Record set »

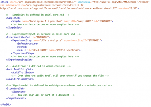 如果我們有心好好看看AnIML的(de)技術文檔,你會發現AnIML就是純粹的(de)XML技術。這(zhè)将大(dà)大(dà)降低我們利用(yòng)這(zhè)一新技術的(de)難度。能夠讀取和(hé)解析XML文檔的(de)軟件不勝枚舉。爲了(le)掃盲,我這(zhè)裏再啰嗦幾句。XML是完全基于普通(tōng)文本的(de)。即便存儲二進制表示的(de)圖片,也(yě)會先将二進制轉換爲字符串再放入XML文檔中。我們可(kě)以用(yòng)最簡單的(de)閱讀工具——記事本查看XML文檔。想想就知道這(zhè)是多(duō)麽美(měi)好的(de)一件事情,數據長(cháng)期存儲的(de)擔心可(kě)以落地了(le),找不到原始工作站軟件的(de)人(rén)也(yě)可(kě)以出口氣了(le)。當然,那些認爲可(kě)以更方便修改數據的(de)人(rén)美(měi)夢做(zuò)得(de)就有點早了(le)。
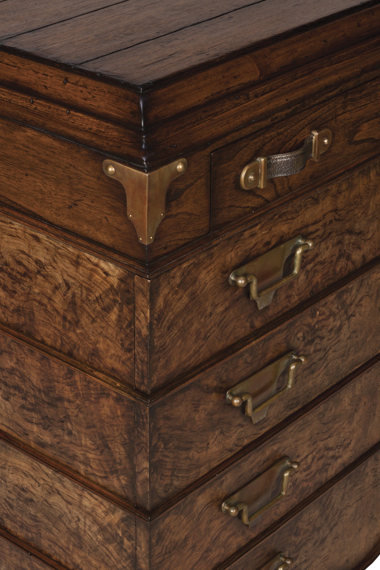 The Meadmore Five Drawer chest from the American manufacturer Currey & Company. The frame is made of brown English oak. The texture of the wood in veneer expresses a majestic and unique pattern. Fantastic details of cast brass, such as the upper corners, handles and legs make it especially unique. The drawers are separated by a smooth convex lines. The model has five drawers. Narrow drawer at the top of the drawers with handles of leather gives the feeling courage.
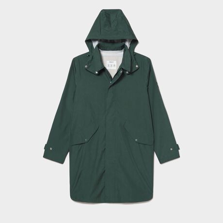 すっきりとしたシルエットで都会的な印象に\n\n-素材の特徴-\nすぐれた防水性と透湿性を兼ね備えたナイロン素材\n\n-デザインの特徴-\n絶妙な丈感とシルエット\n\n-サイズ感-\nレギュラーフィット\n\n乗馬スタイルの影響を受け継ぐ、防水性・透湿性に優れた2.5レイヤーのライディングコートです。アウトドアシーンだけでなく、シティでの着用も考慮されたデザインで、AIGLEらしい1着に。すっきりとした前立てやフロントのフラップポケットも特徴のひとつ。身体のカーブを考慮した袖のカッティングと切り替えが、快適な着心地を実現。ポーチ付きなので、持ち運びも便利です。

* * *

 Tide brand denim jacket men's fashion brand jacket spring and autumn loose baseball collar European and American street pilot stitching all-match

Work task » Give again, exactly as written above, each line from the one that has "如果我們有心好好看看AnIM" to the one that has "The Meadmore Five", both included; omit the pictures.

Answer for the task »
 如果我們有心好好看看AnIML的(de)技術文檔,你會發現AnIML就是純粹的(de)XML技術。這(zhè)将大(dà)大(dà)降低我們利用(yòng)這(zhè)一新技術的(de)難度。能夠讀取和(hé)解析XML文檔的(de)軟件不勝枚舉。爲了(le)掃盲,我這(zhè)裏再啰嗦幾句。XML是完全基于普通(tōng)文本的(de)。即便存儲二進制表示的(de)圖片,也(yě)會先将二進制轉換爲字符串再放入XML文檔中。我們可(kě)以用(yòng)最簡單的(de)閱讀工具——記事本查看XML文檔。想想就知道這(zhè)是多(duō)麽美(měi)好的(de)一件事情,數據長(cháng)期存儲的(de)擔心可(kě)以落地了(le),找不到原始工作站軟件的(de)人(rén)也(yě)可(kě)以出口氣了(le)。當然,那些認爲可(kě)以更方便修改數據的(de)人(rén)美(měi)夢做(zuò)得(de)就有點早了(le)。
 The Meadmore Five Drawer chest from the American manufacturer Currey & Company. The frame is made of brown English oak. The texture of the wood in veneer expresses a majestic and unique pattern. Fantastic details of cast brass, such as the upper corners, handles and legs make it especially unique. The drawers are separated by a smooth convex lines. The model has five drawers. Narrow drawer at the top of the drawers with handles of leather gives the feeling courage.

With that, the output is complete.